## WHAT THE EXERCISE ASKS
Every line below from the one with "Taboada... ¡Ah, infame!" through the one with "いちごのパウムクーヘンサンド いちごとトンカ豆のマカロン いちご最中" is to be repeated exactly, with no picture among them.

-- RECORDS SUPPLIED follows --

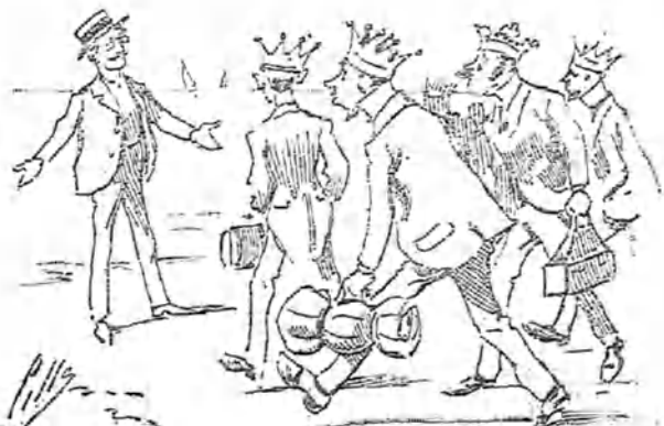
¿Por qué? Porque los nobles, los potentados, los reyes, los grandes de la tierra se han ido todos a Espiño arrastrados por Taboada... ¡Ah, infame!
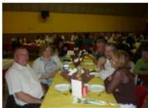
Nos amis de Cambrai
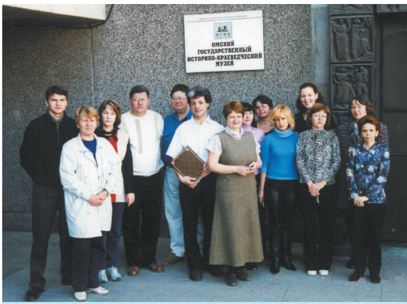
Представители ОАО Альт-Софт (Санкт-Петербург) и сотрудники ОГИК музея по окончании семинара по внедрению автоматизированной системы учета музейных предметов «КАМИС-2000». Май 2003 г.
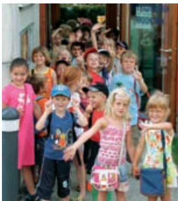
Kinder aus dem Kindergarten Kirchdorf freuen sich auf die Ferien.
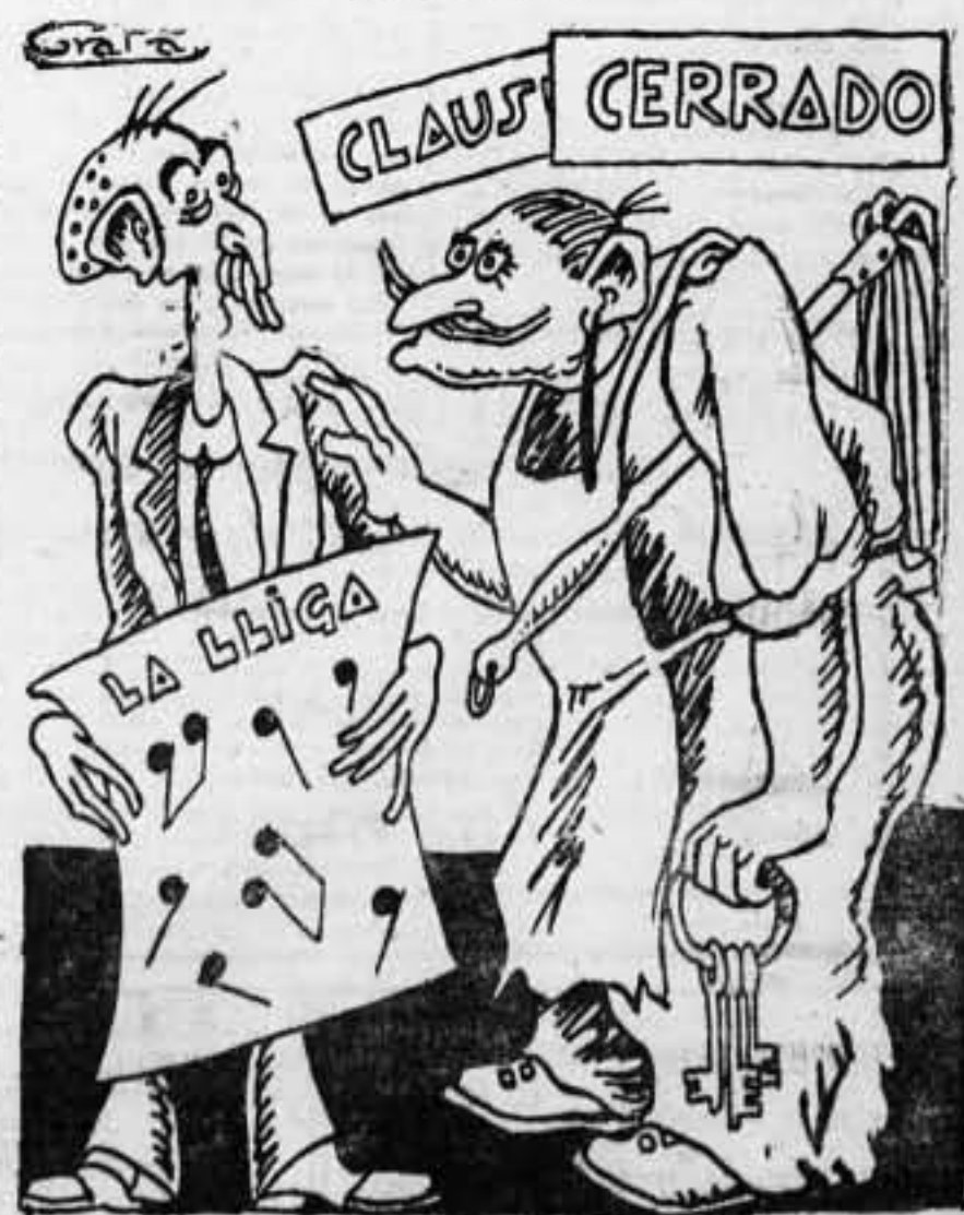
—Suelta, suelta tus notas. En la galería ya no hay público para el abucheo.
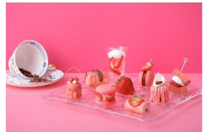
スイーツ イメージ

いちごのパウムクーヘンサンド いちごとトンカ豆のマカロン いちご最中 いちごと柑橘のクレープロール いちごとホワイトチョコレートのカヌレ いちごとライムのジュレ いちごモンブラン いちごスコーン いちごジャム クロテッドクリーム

-- RECORDS SUPPLIED concluded --
-- RECORDS SUPPLIED follows --

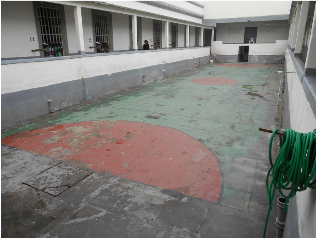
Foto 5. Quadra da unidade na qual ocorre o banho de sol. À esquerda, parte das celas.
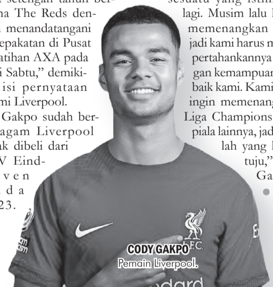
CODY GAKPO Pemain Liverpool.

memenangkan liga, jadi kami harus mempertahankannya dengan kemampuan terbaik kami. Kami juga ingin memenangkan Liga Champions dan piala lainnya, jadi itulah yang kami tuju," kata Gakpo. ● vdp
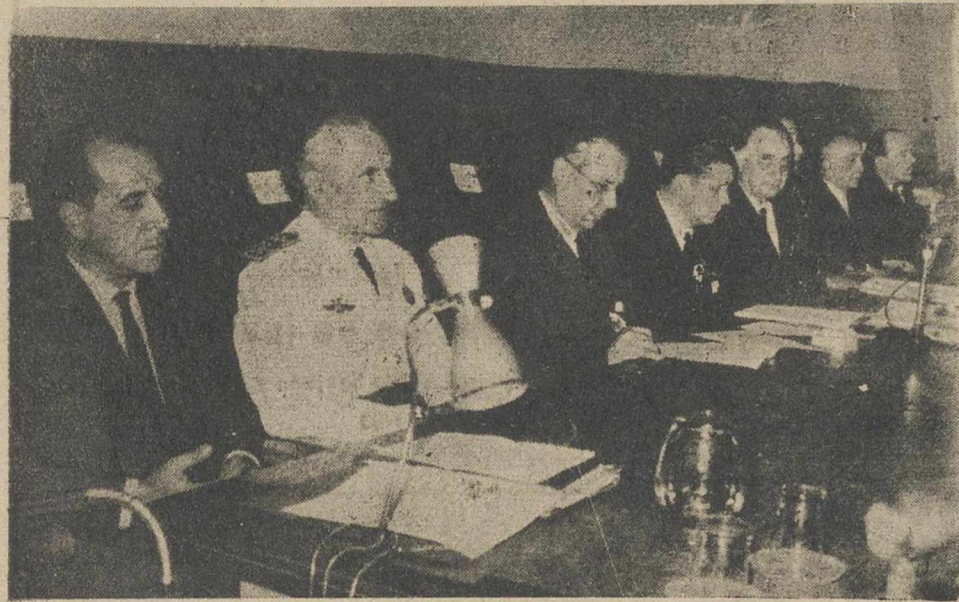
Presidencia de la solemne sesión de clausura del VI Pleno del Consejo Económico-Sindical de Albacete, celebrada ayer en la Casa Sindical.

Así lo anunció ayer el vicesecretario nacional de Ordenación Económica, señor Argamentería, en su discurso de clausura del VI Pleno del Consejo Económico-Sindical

-- RECORDS SUPPLIED concluded --

## YOUR SOLUTION
¿Por qué? Porque los nobles, los potentados, los reyes, los grandes de la tierra se han ido todos a Espiño arrastrados por Taboada... ¡Ah, infame!
Nos amis de Cambrai
Представители ОАО Альт-Софт (Санкт-Петербург) и сотрудники ОГИК музея по окончании семинара по внедрению автоматизированной системы учета музейных предметов «КАМИС-2000». Май 2003 г.
Kinder aus dem Kindergarten Kirchdorf freuen sich auf die Ferien.
—Suelta, suelta tus notas. En la galería ya no hay público para el abucheo.
スイーツ イメージ

いちごのパウムクーヘンサンド いちごとトンカ豆のマカロン いちご最中 いちごと柑橘のクレープロール いちごとホワイトチョコレートのカヌレ いちごとライムのジュレ いちごモンブラン いちごスコーン いちごジャム クロテッドクリーム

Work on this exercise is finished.